In carrying out these particular experiments, we are leveraging a labeled portion of the data set to select our parameters in DEIM and E-DEIM. While this may be recommended when such labels are available simply to gain a sense of some of the general data properties, we are not necessarily assuming that the same classes are present in both training and test sets; in fact, in our experiment set up, we know that there are actually more clinically-defined classes in the training set than in the test set for the MIT-BIH Arrhythmia data. Hence, even in tuning these parameters, we do not assume a fixed number of classes since a certain ratio of singular value decay may be achieved by different values of k. That being said, when labeled data is not available to identify a $\theta $-value that maximizes class detection in the training set, there are a variety of ways to select k (or $\theta $). For example, one option is to look for a “knee” in the plot of data matrix singular values (as is sometimes done with PCA). In the presence of computational constraints, another option is to simply select a feasible rank for the SVD. Or, if it is known that the number of classes likely exceeds the data matrix rank—the very scenario that inspired the development of this method (as in the letter data set)—one can simply take the full SVD of the data matrix and forgo selecting $\theta $ altogether. For both experiments conducted here, the selected values of $\theta $ result in rank-k SVD approximations with k often near or equal to the number time samples/features. The k-values are typically just shy of the number of samples per beat for the MIT-BIH Arrhythmia ECG data, allowing the number of selected beats to certainly exceed the number of expected clinically-defined classes; perhaps as expected, k is equal to the number of features for the Letter Recognition Data Set with the selection of 2k observations only exceeding the number of expected classes by six observations. In addition to the previously described scenarios, even if the number of classes is known a priori in a labeled data set, an objective of applying E-DEIM can still be to identify a representative member (or members) of each known class, just as one could do in clustering the data until it is possible to identify representatives of each class.

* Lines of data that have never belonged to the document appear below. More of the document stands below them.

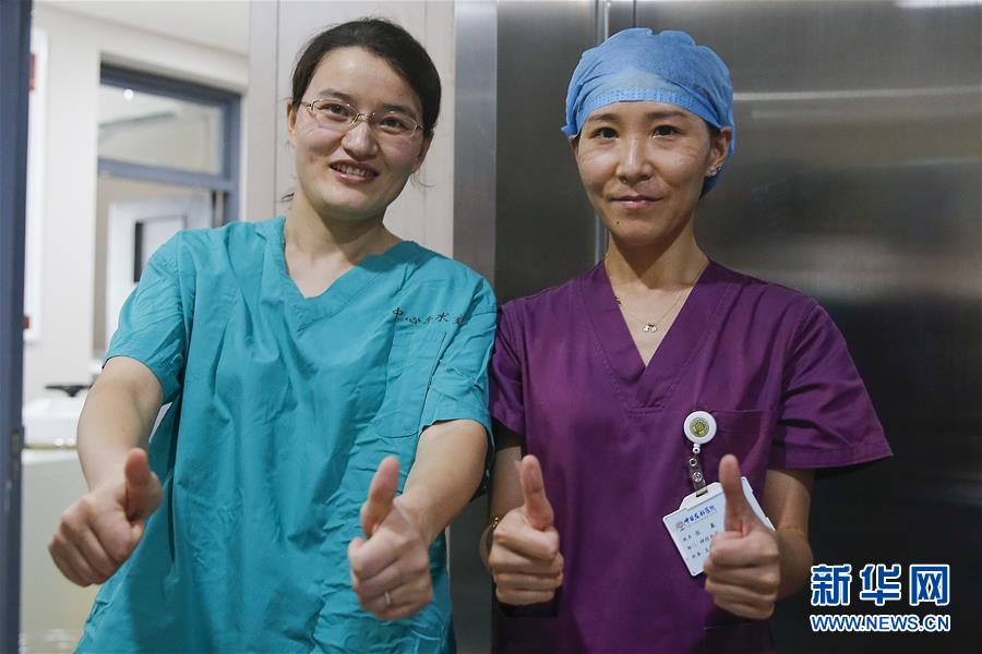 7月3日,中日友好醫(yī)院檢驗(yàn)科新冠核酸檢測(cè)實(shí)驗(yàn)室的閆克芹(左)和張?chǎng)卧诙虝何缧輹r(shí)脫下了防護(hù)服。新華社記者張玉薇攝
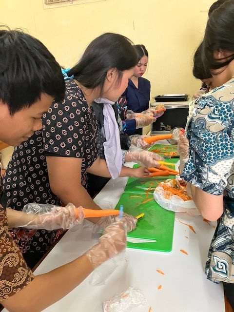 準備段階で現地の日本語の先生から日本の代表する食べ物を紹介して欲しいと依頼が有り、日本でも人気のカレーを提案。日本人も好きなカレーはきっとインドネシアの生徒たちにも美味しいと思ってもらえると思い、生徒たちと一緒に調理実習をすることとなりました。ホテル学科で学んでいる料理好きな1年~2年生の生徒たち33名が中心となり、日本式カレー作りに初挑戦。派遣先校にはキッチン用具が備えて有りますが、生徒たち自ら包丁やピーラーを持参。先に見本用に1つの鍋にカレーを作り、もう一つの鍋の方に生徒たち自身で、野菜を切る所からルウの仕上がりまで作ってもらうことにしました。生徒たちは、人参、じゃがいものイチョウ切りもサッと切り分け、玉ねぎのみじん切り、野菜炒めから、あく取りをしながら煮詰める所まで教えると、手際よく動きます。
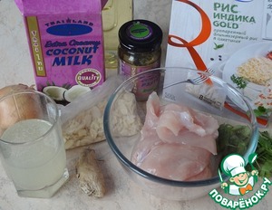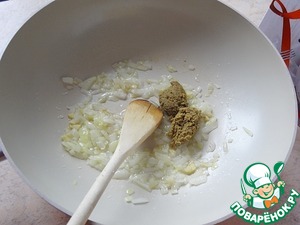 Разогрейте растительное масло в глубокой сковороде. Жарьте лук с имбирем до мягкости. Вмешайте пасту карри (у меня зелёная) и готовьте на слабом огне минутку. Следите, чтоб не пригорело.
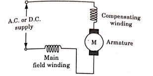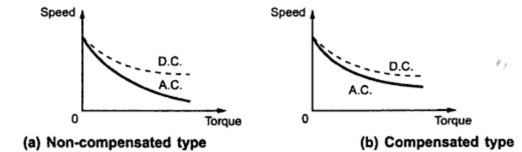 - Compensated Type (High H.P.)- The Compensated type has distributed field winding consisting of main field winding and compensating winding.
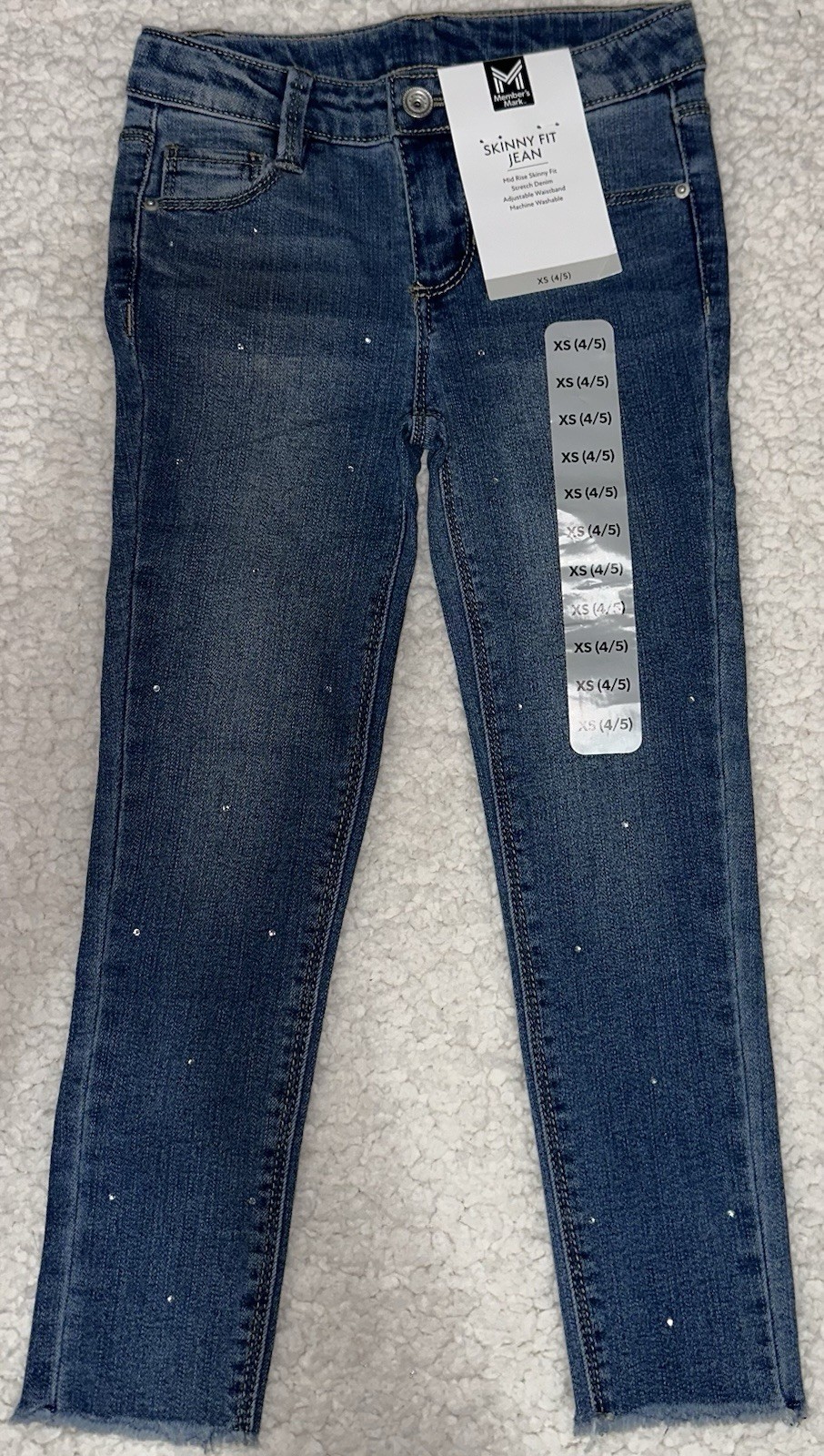 как выглядит Members Mark Girls Skinny Jeans XS 4/5 Blue Embellished Denim фото

As noted previously, careful tuning of $\tau $ is not really of great significance in our experiments as its primary role at this point is simply to avoid a singular $\hat{{\mathbf {P}}}_j^T\hat{{\mathbf {V}}}_{t_j}$ in forming the jth projection in extending DEIM. However, the incorporation of $\tau $ holds potential in defining stopping criteria for restarting DEIM multiple times because, if large enough, it can have an influence over which columns of $\hat{{\mathbf {V}}}$ are or are not included in forming the projection, $\hat{{\mathcal {P}}}$, during restarted DEIM; this is an area for future work.

Along with the development of stopping criteria for restarting DEIM in carrying out an extension, the theoretical implications of selecting additional indices through the E-DEIM methods presented here need additional attention. While we have presented slight generalizations of previous theoretical results in the application of E-DEIM to the CUR decomposition, the impact of selecting additional rows/columns through the inclusion of the “memory” residual, ${\mathbf {r}}_2$—in particular using coherence as opposed to the $\ell _1$ distance—is not yet well understood despite observing positive results in practice. In addition, we reiterate that the error bounds discussed here certainly have their place in evaluating matrix approximations via subset selection, but the direct translation of these bounds to performance in the class identification setting is not obvious and remains a topic for future investigation.

We also note that while E-DEIM adds some computational cost to the standard DEIM algorithm, all of the DEIM/E-DEIM methods presented here, along with index selection through leverage scores, have a computational cost that is dominated by the formation of the SVD (O(mnk)). This is in comparison to the lower cost of the particular k-medoids algorithm implemented here (O(mk)), where a typical PAM implementation ($O(k(m-k)^2)$) would be more cost prohibitive than computing the SVD. However, the use of k-medoids leads to nondeterministic results with lingering questions about identifying an appropriate representative subset if the clustering is to be performed multiple times and in a truly unsupervised manner.

Having evaluated the performance of DEIM and E-DEIM in comparison with other methods applied to labeled data sets, we are able to observe that extending DEIM in a deterministic way is indeed a viable option in class-identification tasks—especially when the rank of the data matrix is not great enough for the detection of all classes. In particular, our results from the two different experiments discussed here support the use of E-DEIM$_{coh}$ in selecting additional indices. With room for further developing and understanding E-DEIM-type methods, the encouraging results presented here still suggest that the inclusion of such methods in completing machine learning tasks merits consideration.

6 Conclusion

In this work, we have presented a novel extension of the DEIM index-selection algorithm with the primary purpose of identifying additional data points of interest in the scenario that the number of classes present in the data set exceeds the matrix rank. As presented here, we are also able to study some of the implications of using E-DEIM to construct the CUR matrix decomposition. In applying this algorithm to real data sets, we see that the extension does indeed allow for the identification of additional classes not detected with standard DEIM alone; the greatest improvement over standard DEIM is seen in the extension of DEIM with a “memory” residual defined in terms of the coherence between those rows/columns selected and those rows/columns left unselected via standard DEIM. The use of E-DEIM in class identification is further supported through the comparison of the proposed approach(es) with the more familiar k-medoids clustering algorithm and subset selection through statistical leverage scores. In our experiments, the deterministic E-DEIM$_{coh}$ outperforms or is at least comparable to the other methods in identifying class representatives.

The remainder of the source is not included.